Making the case for Recode Knoxville

Sandra ClarkFeature

(This article was submitted by Dr. Caroline Cooley, president of Walk Bike Knoxville, on behalf of herself and others who support Recode Knoxville. We’re glad to share their point of view.)

On Oct. 23, KnoxTNtoday published a piece by Nick Della Volpe suggesting that Recode Knoxville and various redevelopment initiatives were a piece of social engineering by the City of Knoxville to force people out of their private cars and onto dreaded buses and bicycles. If that were actually the goal of these initiatives, they would be miserable failures. Most people in Knoxville still drive to work by themselves (80 percent), compared with about two percent using public transit, and less than one percent on bicycles.

But social engineering is not the goal of Recode. The goal is to give people more choices of where they live and how they get around. Few ideas are more rooted in our American traditions than making these types of choices for yourself and your family.

These photos from Sequoyah Hills show the diversity of homes and neighborhood retail in this walkable/bikeable community.

If you were to ask your friends and family to list their favorite places to visit and spend time in Knoxville, the list would probably include Market Square, Sequoyah Hills and Fountain City. These places are memorable, interesting and unique because they were largely built before street design made walking hazardous for your health, and before single-use zoning outlawed neighborhoods with a diverse mix of housing types. It’s this diverse mix of housing types – single-family, two-family homes, accessory dwelling units and even small-scale apartment buildings – that helps sustain the walkable retail that’s tucked away at the heart of Sequoyah Hills. Similar walkable retail has recently been added back into neighborhoods like Fourth & Gill and Old North Knoxville.

Opposition to Recode often arises from a fear of change. That’s understandable. People love and appreciate their neighborhoods just the way they are, and many have long memories of past changes that were not positive.

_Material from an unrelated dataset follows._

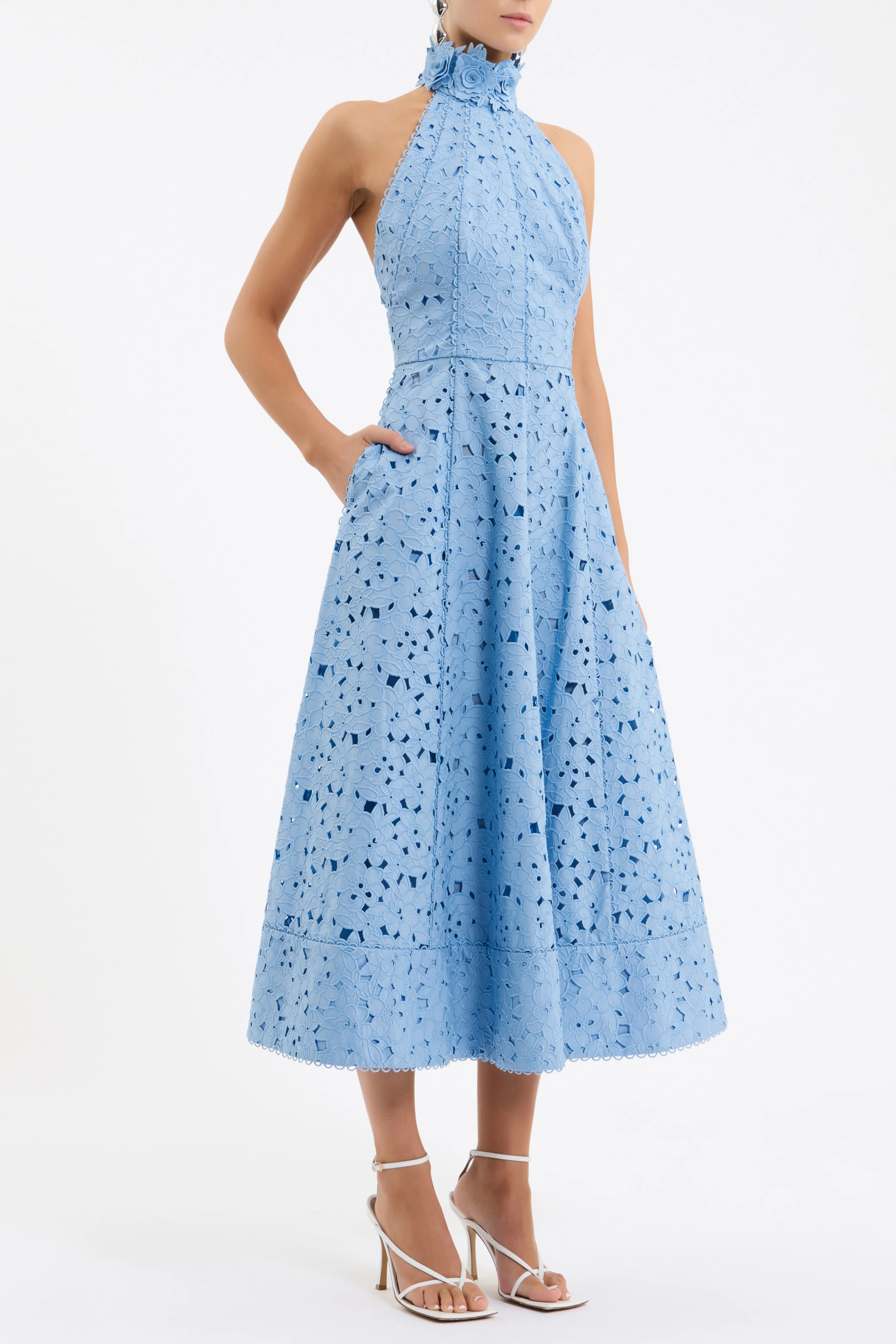 The Nuvola Halter Midi Dress in blue harmonises feminine elegance with timeless style, tailored from broderie anglaise. Featuring a halter neckline adorned with floral applique, its fitted bodice offers a refined shape, accentuated by a cinched waist to flatter the figure. The panelled circular midi skirt creates a graceful silhouette, secured with a zip fastening at the back for a precise fit. Fully lined, this dress seamlessly transitions from day to evening.

But Knoxville and Knox County are growing. Neighborhoods in the city are becoming more desirable and more expensive. If the new households in our community are going to find homes in the city, there has to be more diversity and availability of housing. The alternative is the continued planting of subdivisions on valuable farmland farther and farther from the urban core.

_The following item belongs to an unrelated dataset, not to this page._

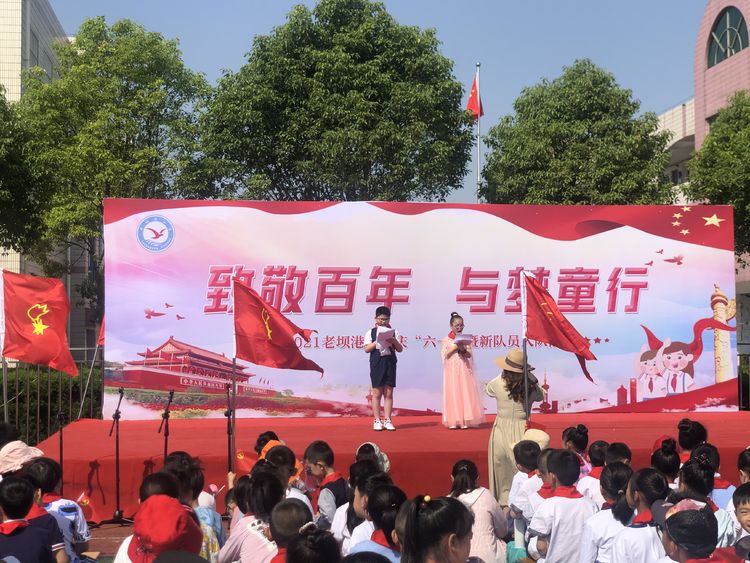 六月是童年的摇篮,是童年的梦乡。在这风轻云淡、碧空如洗的六月第一日,老坝港小学开展了“致敬百年 与梦童行”为主题的庆“六一”暨新生入队活动。全体师生、校少工委成员、家委会成员共同欢度这美好的时光。

And location isn’t the only difference between the type of development that occurs at the edges and what can occur in the city. Recode will create opportunities for small, incremental changes that accommodate more neighbors, as opposed to the cookie-cutter developments that erupt seemingly overnight at the suburban periphery.

This is the way our neighborhoods have always changed – incrementally. Change is inevitable, unless we choose stagnation. But change can be a positive, for ourselves and for the neighbors we haven’t even met yet, if we are open to new ideas that – come to think of it – aren’t even all that new. They’re already present in some of our oldest, most desirable neighborhoods.

I urge you to learn more about Recode from reliable sources, starting at recodeknoxville.com. Keep an open mind. If we work together, listen to each other and speak our piece with respect, we can create something that makes Knoxville an even better place than it is today.